Since we have four unpaired electrons in the paramagnetic species, we should look for possible oxidation states that would result in such an electronic configuration. The first-row transition metals and their d-electron counts are: - Sc: \(3d^1\) - Ti: \(3d^2\) - V: \(3d^3\) - Cr: \(3d^5\) - Mn: \(3d^5\) - Fe: \(3d^6\) - Co: \(3d^7\) - Ni: \(3d^8\) - Cu: \(3d^{10}\) - Zn: \(3d^{10}\) We are looking for an oxidation state that would result in \(3d^4\). Based on the possible oxidation states and electron configurations of first-row transition metals, Cr(III) and Mn(II) can have this configuration.

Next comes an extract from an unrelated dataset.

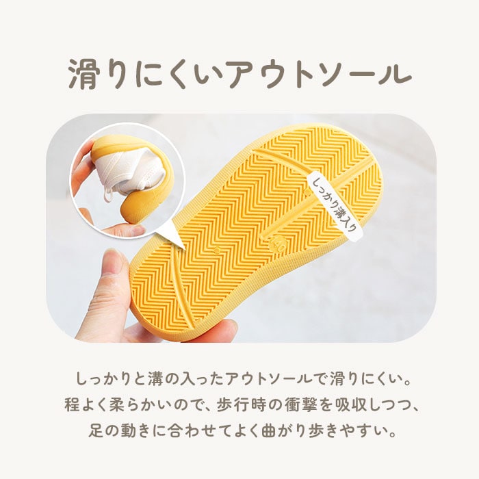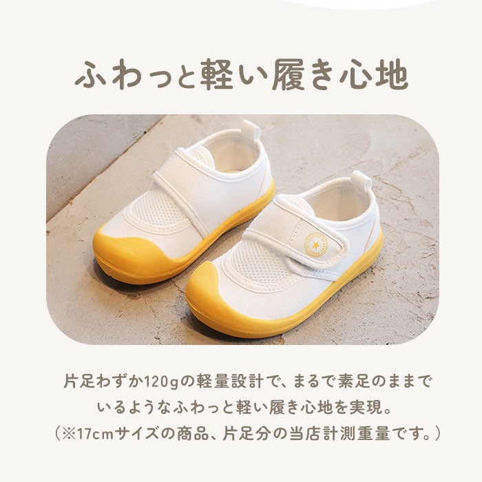 | 商品説明 | スクールスタイルの足元に、ほんのり自分色をプラス♪控えめなくすみカラーが可愛い「キッズ用スクールシューズ(上履き)」が新登場。【キッズの足に優しいつくり】程よいクッション性のあるインソールと、厚みのある合成ゴムのフットベッドがキッズの足裏にかかる衝撃や負担を優しく軽減。【かる~い履き心地】片足わずか120gの軽量設計で、まるで素足のままでいるようなふわっと軽い履き心地を実現。(※17cmサイズの商品、片足分の当店計測重量です。)【丸いカタチがつま先をガード】アウトソール先端は、つま先部分を包み込むように丸みのあるフォルムに仕上げ、うっかりつま先をぶつけてしまっても痛くない安心仕様。【スポッと履けて、脱げにくい!】混雑する学校の昇降口でもスポッと履ける!面ファスナーベルトが足の甲にぴったりとフィットして、脱ぎ履きスムーズ。【滑りにくいアウトソール】細かい凹凸を刻んだアウトソールが、フラットなフロアーや階段でもしっかりとグリップするから、活発なキッズでも安心。【抜群の動きやすさ】屈曲性に優れたアウトソールは動きやすさも抜群。軽くて動きやすいため、体育館での運動やダンスのような習い事にも大活躍!【お手入れ簡単、いつでも清潔】インソールは取り外しができるので、手軽に水洗いができていつでも清潔さをキープ。【キッズも大満足の大人カラー】学年カラーのオーソドックスな上履きでは満足できないお洒落キッズに最適。くすみカラーのソールと「LOVE FOR MY BABY」のサークルロゴが印象的なアクセント。(※一部くすみカラーではないカラーの商品もございます。) |

We know that two of the coordination compounds are paramagnetic with four unpaired electrons, and the other two are diamagnetic. For both Cr(III) and Mn(II), we have a \(3d^4\) electronic configuration, making them paramagnetic with four unpaired electrons. The diamagnetic nature of the other two coordination compounds indicates no unpaired electrons. Comparing the oxidation states of first-row transition metals, Cr(IV) and Mn(III) have a \(3d^2\) electronic configuration, resulting in two unpaired electrons. However, when considering the ligand-field stabilization energy, strong-field ligands can cause the electrons in the \(3d\) orbitals to pair up, resulting in a diamagnetic compound.

Based on the information provided, we can deduce that the four coordination compounds have the same transition metal ion, either Cr or Mn, with two oxidation states (III and IV for Cr or II and III for Mn). The paramagnetic compounds are due to the four unpaired \(3d\) electrons, while the diamagnetic ones have their \(3d\) electrons paired up due to strong-field ligands. The different colors of the solutions are a result of the electronic configurations and the ligands present in each coordination compound.